203. At another time I remembered, I was again much under this question, WHETHER THE BLOOD OF CHRIST WAS SUFFICIENT TO SAVE MY SOUL? in which doubt I continued from morning, till about seven or eight at night: and at last, when I was, as it were, quite worn out with fear, lest it should not lay hold on me, these words did sound suddenly within my heart: HE IS ABLE. But methought, this word ABLE, was spoke loud unto me; it showed a GREAT WORD, it seemed to be writ in GREAT LETTERS, and gave such a jostle to my fear and doubt (I mean for the time it tarried with me, which was about a day) as I never had from that, all my life, either before or after. Heb. vii. 25.

204. But one morning as I was again at prayer, and trembling under the fear of this, THAT NO WORD OF GOD COULD HELP ME, that piece of a sentence darted in upon me, MY GRACE IS SUFFICIENT. At this, methought I felt some stay, as if there might be hopes. But, oh! how good a thing it is for God to send His word! for, about a fortnight before, I was looking on this very place, and then I thought it could not come near my soul with comfort, therefore I threw down my book in a pet: then I thought it was not large enough for me; no, not large enough; but now it was as if it had arms of grace so wide, that it could not only enclose me, but many more such as I besides.

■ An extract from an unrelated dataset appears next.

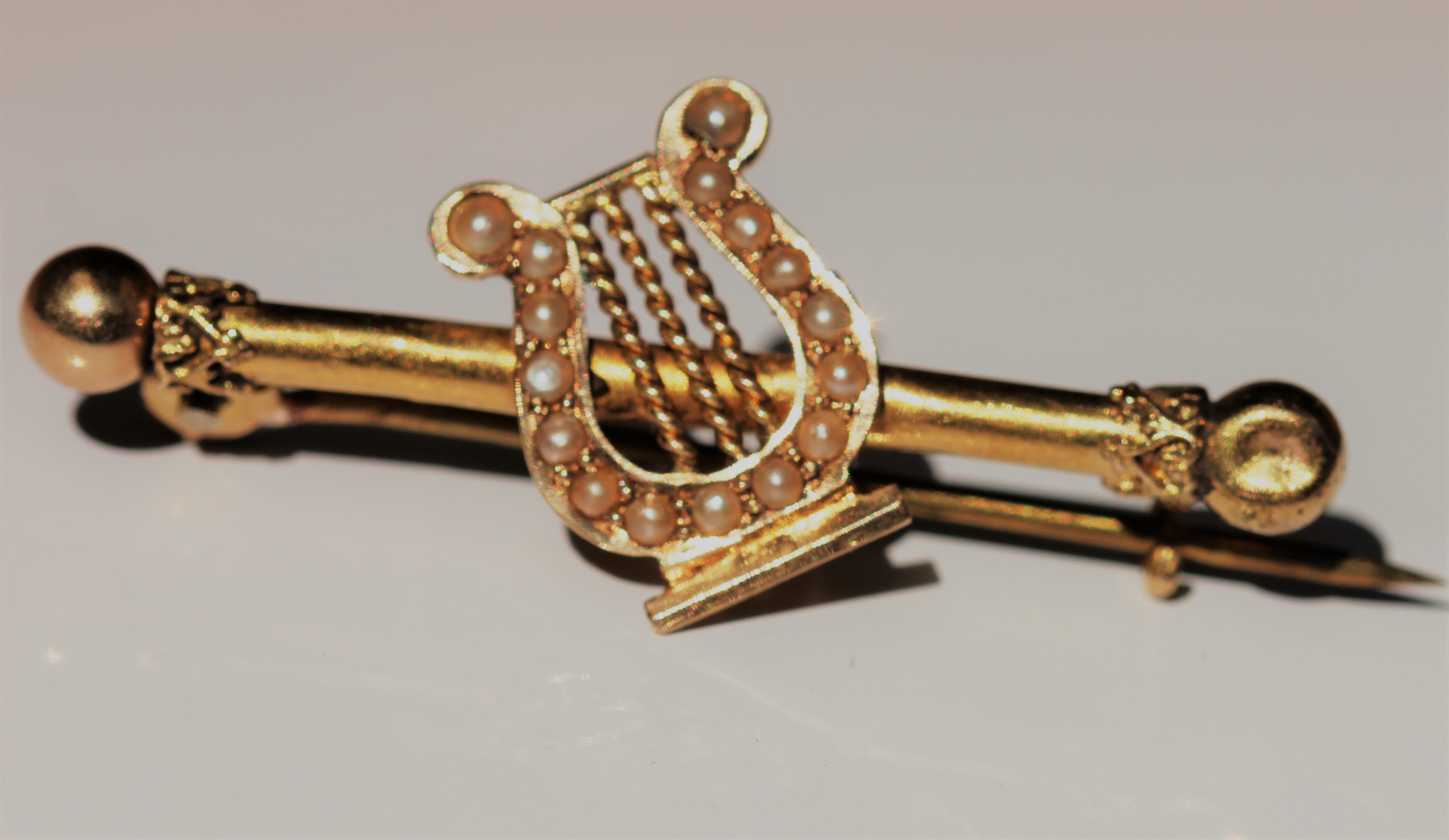 In ‘Understanding Jewellery’, Bennett and Mascetti noted that the simplest form of the bar brooch was a plain gold bar set with a single diamond but that some were ‘decorated with crescents and stars, sprays of leaves and flowers, pheasants and chanticleers, swallows and flies, shamrocks and clovers’ (p230).

205. By these words I was sustained, yet not without exceeding conflicts, for the space of seven or eight weeks; for my peace would be in it, and out, sometimes twenty times a day; comfort now, and trouble presently; peace now, and before I could go a furlong, as full of fear and guilt as ever heart could hold. And this was not only now and then, but my whole seven weeks' experience: for this about THE SUFFICIENCY OF GRACE, and THAT of ESAU'S parting with his birthright, would be like a pair of scales within my mind; sometimes one end would be uppermost, and sometimes again the other; according to which would be my peace or trouble.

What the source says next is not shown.